(Records contained in a dataset)
• • •

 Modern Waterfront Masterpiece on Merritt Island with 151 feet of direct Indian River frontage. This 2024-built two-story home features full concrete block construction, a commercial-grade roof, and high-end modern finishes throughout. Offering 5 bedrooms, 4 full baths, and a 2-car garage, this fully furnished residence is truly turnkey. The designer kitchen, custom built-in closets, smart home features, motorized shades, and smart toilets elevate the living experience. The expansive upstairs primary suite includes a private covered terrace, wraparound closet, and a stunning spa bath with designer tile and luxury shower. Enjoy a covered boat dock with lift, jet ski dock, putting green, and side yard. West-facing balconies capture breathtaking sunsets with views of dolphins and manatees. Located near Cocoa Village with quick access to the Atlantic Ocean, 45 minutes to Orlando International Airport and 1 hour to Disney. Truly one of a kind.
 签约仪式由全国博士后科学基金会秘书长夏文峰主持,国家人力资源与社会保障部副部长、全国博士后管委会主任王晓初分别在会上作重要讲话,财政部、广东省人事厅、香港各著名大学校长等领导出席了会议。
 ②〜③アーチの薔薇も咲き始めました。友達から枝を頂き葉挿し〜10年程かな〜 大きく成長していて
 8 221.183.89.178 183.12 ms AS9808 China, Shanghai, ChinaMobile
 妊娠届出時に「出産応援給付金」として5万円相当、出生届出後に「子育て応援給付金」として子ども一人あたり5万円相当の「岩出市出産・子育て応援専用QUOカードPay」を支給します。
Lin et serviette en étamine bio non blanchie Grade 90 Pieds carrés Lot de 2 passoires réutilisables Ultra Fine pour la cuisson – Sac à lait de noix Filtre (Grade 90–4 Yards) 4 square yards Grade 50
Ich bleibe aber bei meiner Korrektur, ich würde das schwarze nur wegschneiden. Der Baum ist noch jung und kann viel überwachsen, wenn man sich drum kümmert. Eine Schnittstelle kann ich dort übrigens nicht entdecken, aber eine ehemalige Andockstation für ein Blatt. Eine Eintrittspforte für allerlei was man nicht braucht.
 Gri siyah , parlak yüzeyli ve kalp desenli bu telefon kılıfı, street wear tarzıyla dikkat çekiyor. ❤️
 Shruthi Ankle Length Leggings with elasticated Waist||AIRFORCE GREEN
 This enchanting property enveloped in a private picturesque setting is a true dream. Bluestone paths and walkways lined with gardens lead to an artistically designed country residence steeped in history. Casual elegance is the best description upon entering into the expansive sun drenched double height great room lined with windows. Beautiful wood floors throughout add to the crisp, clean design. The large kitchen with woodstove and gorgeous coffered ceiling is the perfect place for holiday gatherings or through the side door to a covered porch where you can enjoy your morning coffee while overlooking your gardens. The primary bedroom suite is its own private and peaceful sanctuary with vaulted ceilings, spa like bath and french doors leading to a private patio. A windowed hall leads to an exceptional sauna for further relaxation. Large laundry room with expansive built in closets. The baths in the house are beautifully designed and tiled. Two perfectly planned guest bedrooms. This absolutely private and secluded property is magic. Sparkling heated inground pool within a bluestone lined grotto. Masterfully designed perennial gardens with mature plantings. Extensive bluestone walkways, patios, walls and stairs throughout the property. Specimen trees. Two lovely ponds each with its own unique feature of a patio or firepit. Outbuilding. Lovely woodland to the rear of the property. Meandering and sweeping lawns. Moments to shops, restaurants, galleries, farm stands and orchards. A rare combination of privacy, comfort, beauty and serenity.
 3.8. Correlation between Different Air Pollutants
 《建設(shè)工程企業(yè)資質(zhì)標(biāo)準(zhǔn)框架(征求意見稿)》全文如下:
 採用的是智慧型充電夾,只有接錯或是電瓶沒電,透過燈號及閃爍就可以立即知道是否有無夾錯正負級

• • •

§ Work instructions
Reproduce each entry above character for character.

§ Result for this exercise
 Modern Waterfront Masterpiece on Merritt Island with 151 feet of direct Indian River frontage. This 2024-built two-story home features full concrete block construction, a commercial-grade roof, and high-end modern finishes throughout. Offering 5 bedrooms, 4 full baths, and a 2-car garage, this fully furnished residence is truly turnkey. The designer kitchen, custom built-in closets, smart home features, motorized shades, and smart toilets elevate the living experience. The expansive upstairs primary suite includes a private covered terrace, wraparound closet, and a stunning spa bath with designer tile and luxury shower. Enjoy a covered boat dock with lift, jet ski dock, putting green, and side yard. West-facing balconies capture breathtaking sunsets with views of dolphins and manatees. Located near Cocoa Village with quick access to the Atlantic Ocean, 45 minutes to Orlando International Airport and 1 hour to Disney. Truly one of a kind.
 签约仪式由全国博士后科学基金会秘书长夏文峰主持,国家人力资源与社会保障部副部长、全国博士后管委会主任王晓初分别在会上作重要讲话,财政部、广东省人事厅、香港各著名大学校长等领导出席了会议。
 ②〜③アーチの薔薇も咲き始めました。友達から枝を頂き葉挿し〜10年程かな〜 大きく成長していて
 8 221.183.89.178 183.12 ms AS9808 China, Shanghai, ChinaMobile
 妊娠届出時に「出産応援給付金」として5万円相当、出生届出後に「子育て応援給付金」として子ども一人あたり5万円相当の「岩出市出産・子育て応援専用QUOカードPay」を支給します。
Lin et serviette en étamine bio non blanchie Grade 90 Pieds carrés Lot de 2 passoires réutilisables Ultra Fine pour la cuisson – Sac à lait de noix Filtre (Grade 90–4 Yards) 4 square yards Grade 50
Ich bleibe aber bei meiner Korrektur, ich würde das schwarze nur wegschneiden. Der Baum ist noch jung und kann viel überwachsen, wenn man sich drum kümmert. Eine Schnittstelle kann ich dort übrigens nicht entdecken, aber eine ehemalige Andockstation für ein Blatt. Eine Eintrittspforte für allerlei was man nicht braucht.
 Gri siyah , parlak yüzeyli ve kalp desenli bu telefon kılıfı, street wear tarzıyla dikkat çekiyor. ❤️
 Shruthi Ankle Length Leggings with elasticated Waist||AIRFORCE GREEN
 This enchanting property enveloped in a private picturesque setting is a true dream. Bluestone paths and walkways lined with gardens lead to an artistically designed country residence steeped in history. Casual elegance is the best description upon entering into the expansive sun drenched double height great room lined with windows. Beautiful wood floors throughout add to the crisp, clean design. The large kitchen with woodstove and gorgeous coffered ceiling is the perfect place for holiday gatherings or through the side door to a covered porch where you can enjoy your morning coffee while overlooking your gardens. The primary bedroom suite is its own private and peaceful sanctuary with vaulted ceilings, spa like bath and french doors leading to a private patio. A windowed hall leads to an exceptional sauna for further relaxation. Large laundry room with expansive built in closets. The baths in the house are beautifully designed and tiled. Two perfectly planned guest bedrooms. This absolutely private and secluded property is magic. Sparkling heated inground pool within a bluestone lined grotto. Masterfully designed perennial gardens with mature plantings. Extensive bluestone walkways, patios, walls and stairs throughout the property. Specimen trees. Two lovely ponds each with its own unique feature of a patio or firepit. Outbuilding. Lovely woodland to the rear of the property. Meandering and sweeping lawns. Moments to shops, restaurants, galleries, farm stands and orchards. A rare combination of privacy, comfort, beauty and serenity.
 3.8. Correlation between Different Air Pollutants
 《建設(shè)工程企業(yè)資質(zhì)標(biāo)準(zhǔn)框架(征求意見稿)》全文如下:
 採用的是智慧型充電夾,只有接錯或是電瓶沒電,透過燈號及閃爍就可以立即知道是否有無夾錯正負級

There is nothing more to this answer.